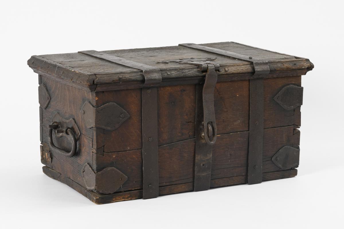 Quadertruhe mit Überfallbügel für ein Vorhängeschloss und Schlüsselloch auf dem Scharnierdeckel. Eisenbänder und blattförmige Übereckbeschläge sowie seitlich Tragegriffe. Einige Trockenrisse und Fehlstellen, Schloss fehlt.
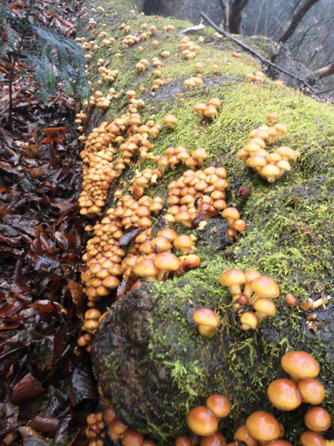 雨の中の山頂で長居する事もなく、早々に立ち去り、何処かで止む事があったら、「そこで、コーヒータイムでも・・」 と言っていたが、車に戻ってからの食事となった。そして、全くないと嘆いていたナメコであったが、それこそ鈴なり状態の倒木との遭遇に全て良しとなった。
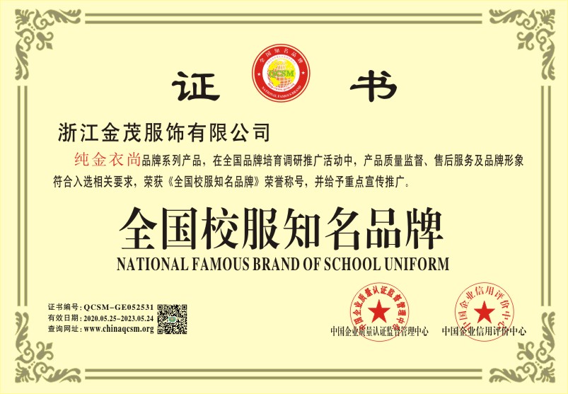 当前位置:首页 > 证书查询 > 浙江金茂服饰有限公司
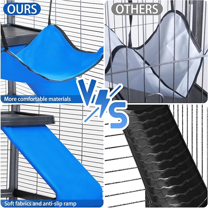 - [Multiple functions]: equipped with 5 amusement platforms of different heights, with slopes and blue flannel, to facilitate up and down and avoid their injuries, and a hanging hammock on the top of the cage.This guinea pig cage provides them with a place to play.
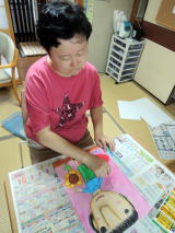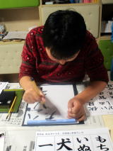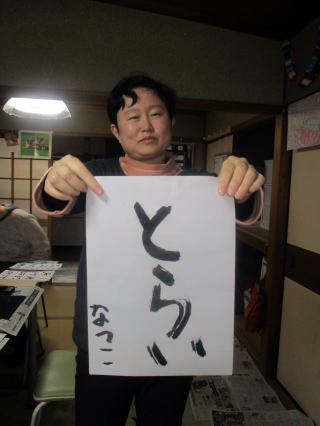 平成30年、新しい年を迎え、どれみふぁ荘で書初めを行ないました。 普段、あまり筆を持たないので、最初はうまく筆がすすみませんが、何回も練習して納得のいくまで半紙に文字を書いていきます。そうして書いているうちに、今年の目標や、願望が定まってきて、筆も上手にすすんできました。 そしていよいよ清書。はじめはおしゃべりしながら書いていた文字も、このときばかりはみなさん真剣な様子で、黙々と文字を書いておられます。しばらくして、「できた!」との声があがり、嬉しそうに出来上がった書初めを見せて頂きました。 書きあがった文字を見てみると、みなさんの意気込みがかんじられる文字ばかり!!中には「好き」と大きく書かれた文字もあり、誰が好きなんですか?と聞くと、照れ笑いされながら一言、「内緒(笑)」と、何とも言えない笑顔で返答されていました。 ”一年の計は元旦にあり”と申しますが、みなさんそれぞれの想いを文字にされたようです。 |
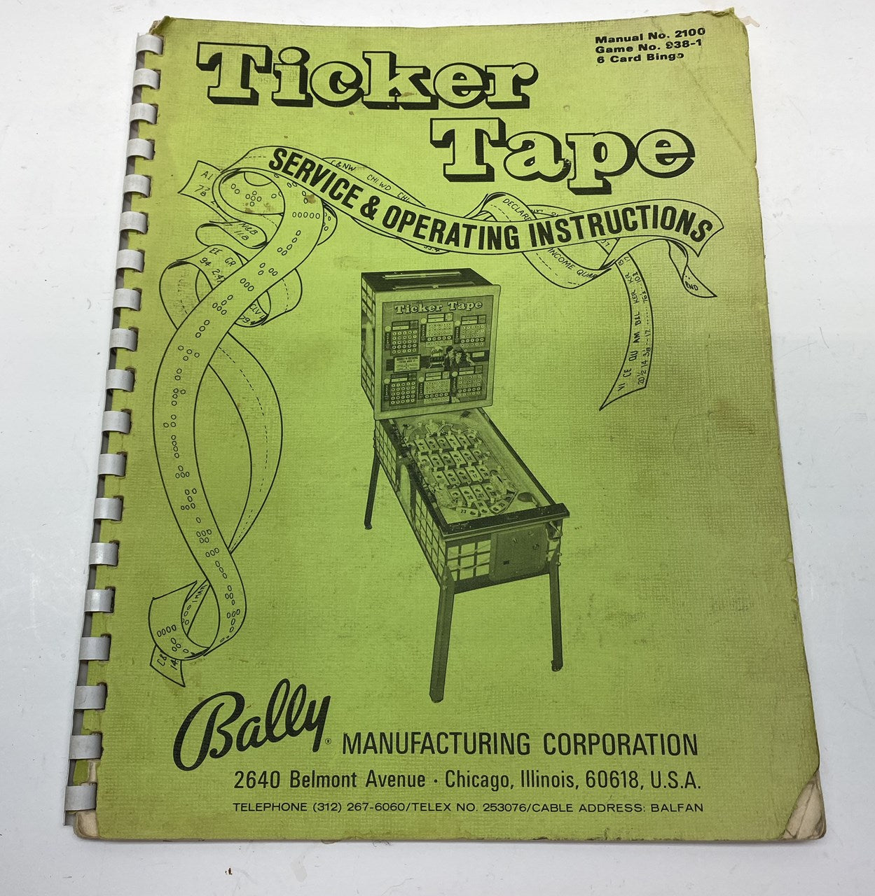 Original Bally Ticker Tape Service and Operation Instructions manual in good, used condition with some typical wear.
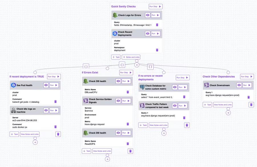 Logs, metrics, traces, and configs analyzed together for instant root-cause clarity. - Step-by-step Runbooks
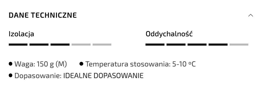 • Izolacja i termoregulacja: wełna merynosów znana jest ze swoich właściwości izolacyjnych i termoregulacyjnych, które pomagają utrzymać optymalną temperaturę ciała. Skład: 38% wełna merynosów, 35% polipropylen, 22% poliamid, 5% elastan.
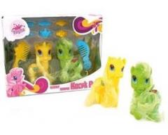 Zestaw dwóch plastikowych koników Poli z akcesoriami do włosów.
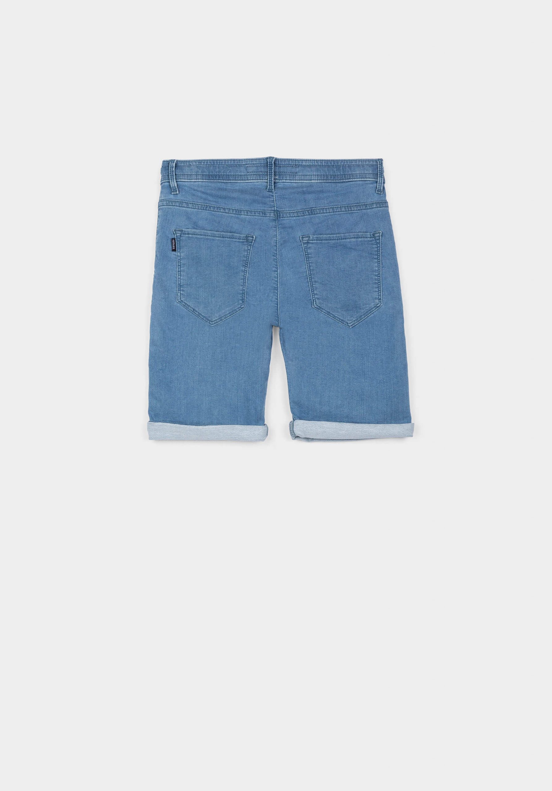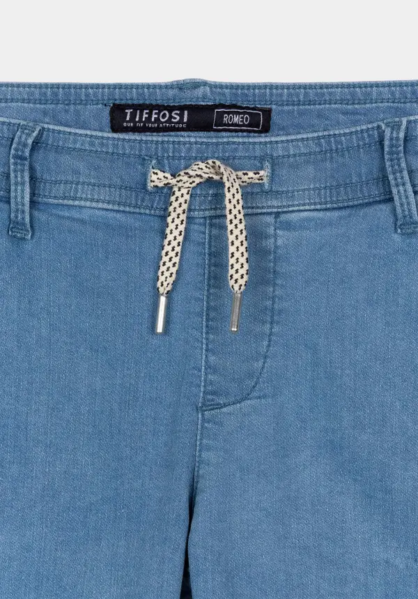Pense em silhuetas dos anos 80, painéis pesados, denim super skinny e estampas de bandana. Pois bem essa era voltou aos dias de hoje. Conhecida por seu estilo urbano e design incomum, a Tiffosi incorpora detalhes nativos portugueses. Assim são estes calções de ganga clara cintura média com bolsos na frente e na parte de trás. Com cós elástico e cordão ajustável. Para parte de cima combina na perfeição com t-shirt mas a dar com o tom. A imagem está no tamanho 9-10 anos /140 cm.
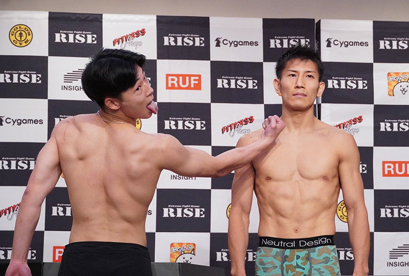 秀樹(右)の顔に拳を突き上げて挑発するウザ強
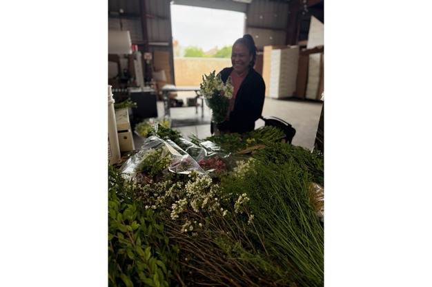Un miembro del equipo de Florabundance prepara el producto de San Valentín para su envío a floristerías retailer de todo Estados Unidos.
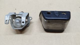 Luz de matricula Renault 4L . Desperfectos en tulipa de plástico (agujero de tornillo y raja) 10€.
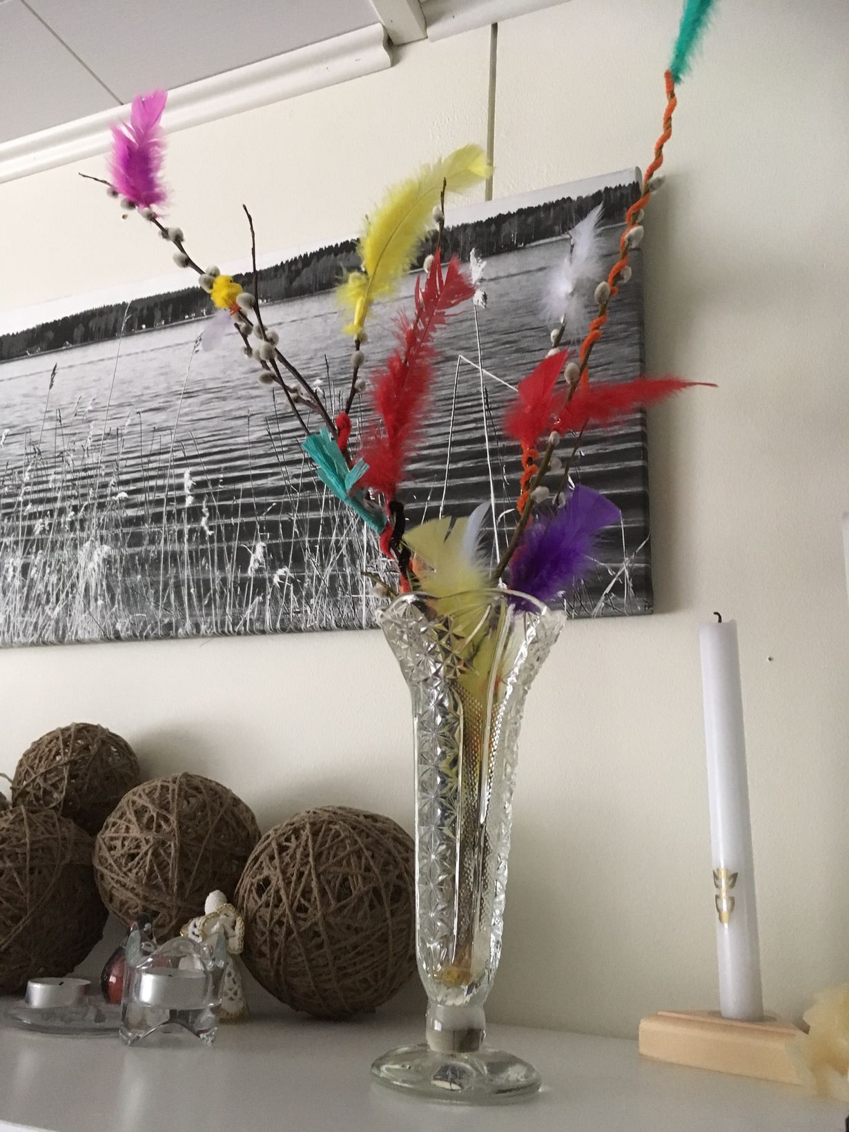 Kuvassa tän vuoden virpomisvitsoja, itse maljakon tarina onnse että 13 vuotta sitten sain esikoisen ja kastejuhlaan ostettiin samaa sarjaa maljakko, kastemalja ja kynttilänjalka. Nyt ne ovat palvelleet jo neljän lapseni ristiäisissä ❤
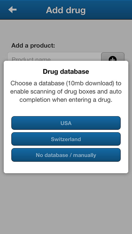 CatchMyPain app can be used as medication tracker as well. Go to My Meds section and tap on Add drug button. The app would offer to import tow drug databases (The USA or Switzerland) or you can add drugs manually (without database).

=====

What you should do: Take the lines above starting at the one containing "Original Bally Ticker" and ending at the one containing "Zestaw dwóch plastikowych", and print them again exactly, without pictures.

Exercise result:
 Original Bally Ticker Tape Service and Operation Instructions manual in good, used condition with some typical wear.
 Logs, metrics, traces, and configs analyzed together for instant root-cause clarity. - Step-by-step Runbooks
 • Izolacja i termoregulacja: wełna merynosów znana jest ze swoich właściwości izolacyjnych i termoregulacyjnych, które pomagają utrzymać optymalną temperaturę ciała. Skład: 38% wełna merynosów, 35% polipropylen, 22% poliamid, 5% elastan.
 Zestaw dwóch plastikowych koników Poli z akcesoriami do włosów.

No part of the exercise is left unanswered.